Re: 1. Problem is located in Main#getBatchRequestor(...) where it treats proceedOnError = false mode as a condition to abort on first file with errors. This is stricter than it should be. It should only record the fact there were some errors, and let it continue. I also checked that the IErrorHandlingPolicy used by batch compiler allows to accumulate all errors as well.
Created attachment 106243 [details] Proposed patch for (1) This allows the batch compiler to process all files in queue, and only exit at the very end; instead of in the middle, with more or less errors detected up to that point.
Stephan - could you apply the patch to 3.4.0 and assess whether this does you some good ? I believe (2) would be a separate request if we were to support parallel unit processing, which isn't the case right now (i.e. this bug could be closed independantly)

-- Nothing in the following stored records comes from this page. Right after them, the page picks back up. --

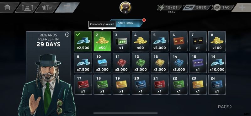 まず、[毎日のログイン] タブでは、1 日目に 2,500 クレジット、2 日目に 50 ゴールドから始まる毎日のログイン報酬を引き換えることができ、チャレンジ カードや 4 種類の特定のカードなど、他の種類の景品にまで拡張されます。ゲーム内の車のクラス。実際のレースに参加する時間がない場合でも、数秒から数分ログインするだけで十分です。これで、デイリーを引き換えることができます!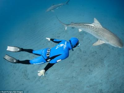 威廉姆-温拉姆和皮埃尔-弗洛拉仅穿游泳衣在南非海岸附近与虎鲨共舞 在东太平洋...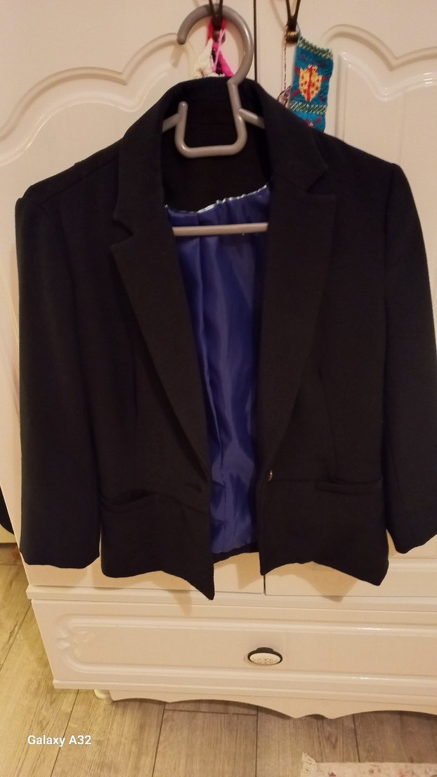 Düğmeli, sivri yaka, uzun kollu siyah kadın blazer. Normal boyda, midi kesim ve düzenli kalıplı. Sentetik kumaştan, ofis ve günlük kullanıma uygun.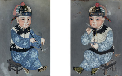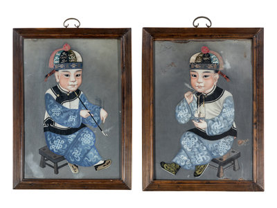 A Pair of Chinese Reverse-Painted Glass Pictures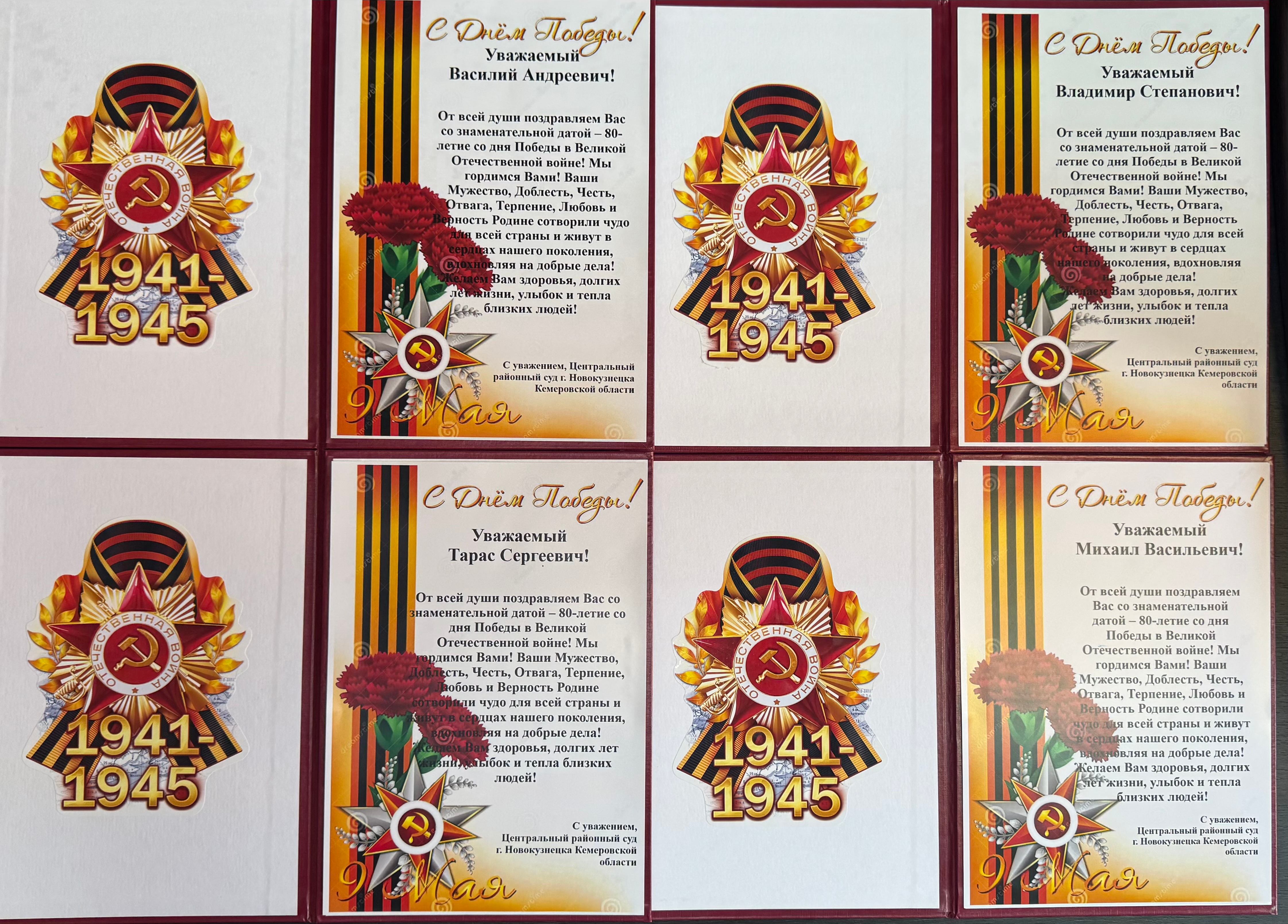В преддверии главного праздника нашей страны – Дня Великой Победы коллектив Центрального районного суда г. Новокузнецка Кемеровской области от всей души поздравил ветеранов Великой Отечественной войны! Поздравительные письма со словами благодарности за отвагу и терпение, за чистое небо и светлое бедующее, за сотворенное чудо для всей нашей страны были переданы ветеранам Великой отечественной войны. День Победы всегда будет напоминать нам, какой ценой был завоеван мир. Это праздник со слезами на глазах. К сожалению, очевидцев и участников тех событий остается все меньше. Но мы никогда не забудем о вашем подвиге, и будем передавать эту память из поколения в поколение!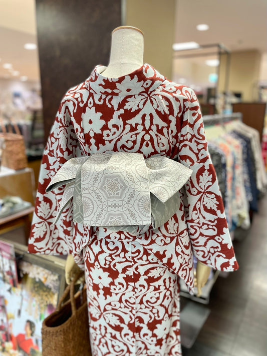 セオアルファ三部式ゆかた アラベスク赤(夏衿・襦袢袖付き)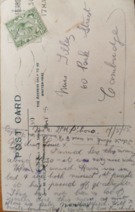 1915 post card to Miss Tilley, 17th May 1915. The card is from Archie, presumably Archibald Cyril Diver whom Louisa E Tilley married in Cambridge in April 1920. In 1911 Archie was an electrical engineer boarding in Bedford.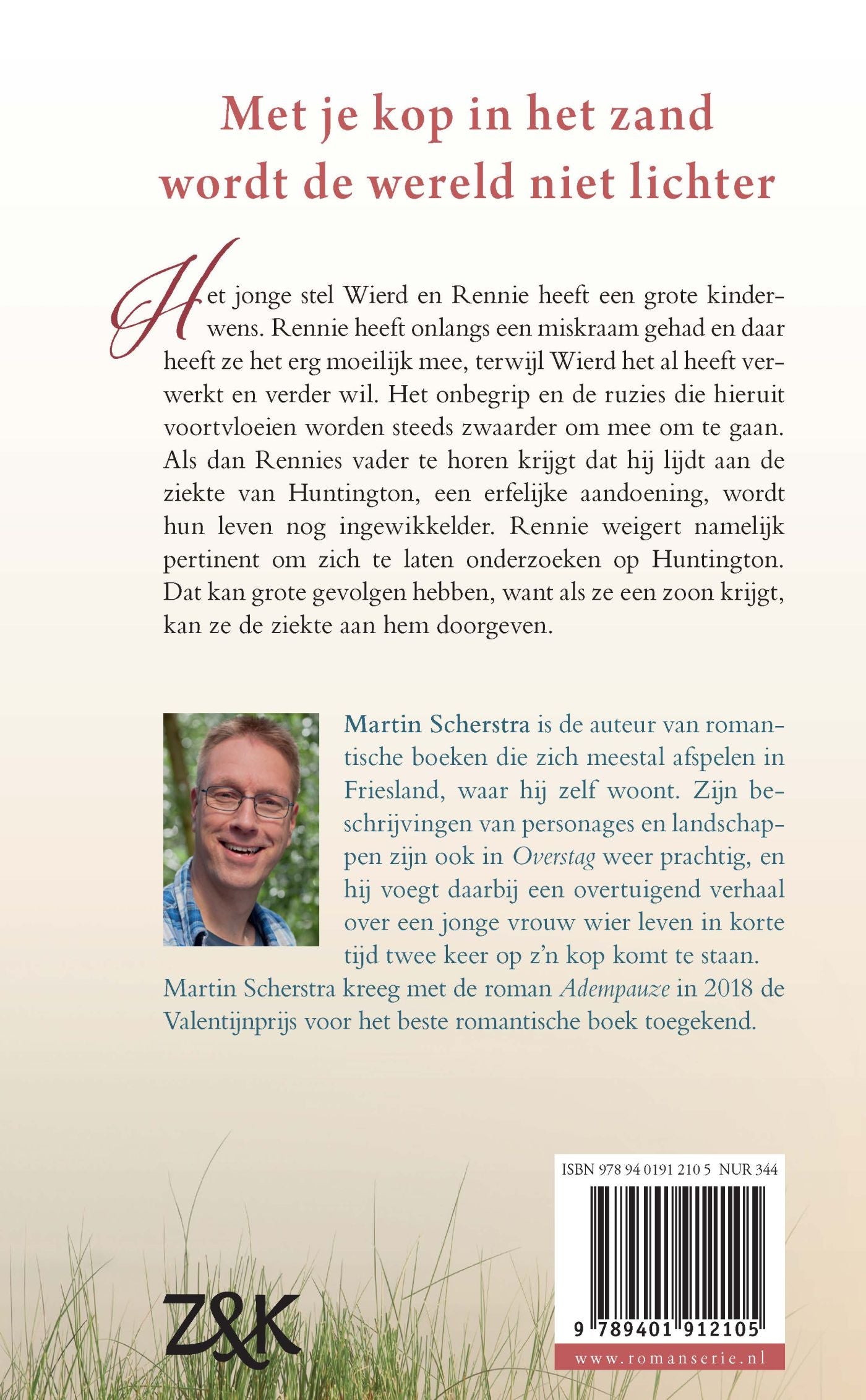 Het jonge koppel Wierd en Rennie heeft een grote kinderwens, in 'Overstag' van Martin Scherstra. Rennie heeft onlangs een miskraam gehad en daar heeft ze het erg moeilijk mee, terwijl Wierd het verlies al heeft verwerkt en verder wil. Het wederzijdse onbegrip en de ruzies die hieruit voortvloeien worden steeds moeilijker om mee om te gaan. Als dan Rennies vader te horen krijgt dat hij de ziekte van Huntington heeft, een erfelijke ziekte, wordt hun leven nog ingewikkelder. Rennie weigert namelijk pertinent zich te laten onderzoeken op de ziekte. Martin Scherstra brengt met 'Overstag' een overtuigende familieroman over moeilijke keuzes, die je niet voor altijd voor je uit kunt blijven schuiven.

(In reply to comment #17) > Stephan - could you apply the patch to 3.4.0 and assess whether this does you > some good ? Yes, judging from one run of our test-suite without the single thread switch all expected errors are actually reported.
Wondering if the simple patch couldn't be released for 3.4.1. Any client to the batch compiler may be seeing this issue as a regression over 3.3.
Candidating for 3.4.1
Talking with Kent, we may not want to inject it in 3.4 maintenance at this point.
Olivier - Could you please release this patch into HEAD (3.5) with regression tests ?
I cannot write a regression test as is since the modified code is not run when inside the test harness because we don't want to exit once the compiler is done. So I'll simply release the patch. Verification should be done by looking at the source code.
Verified for 3.5M1 using I20080805-1307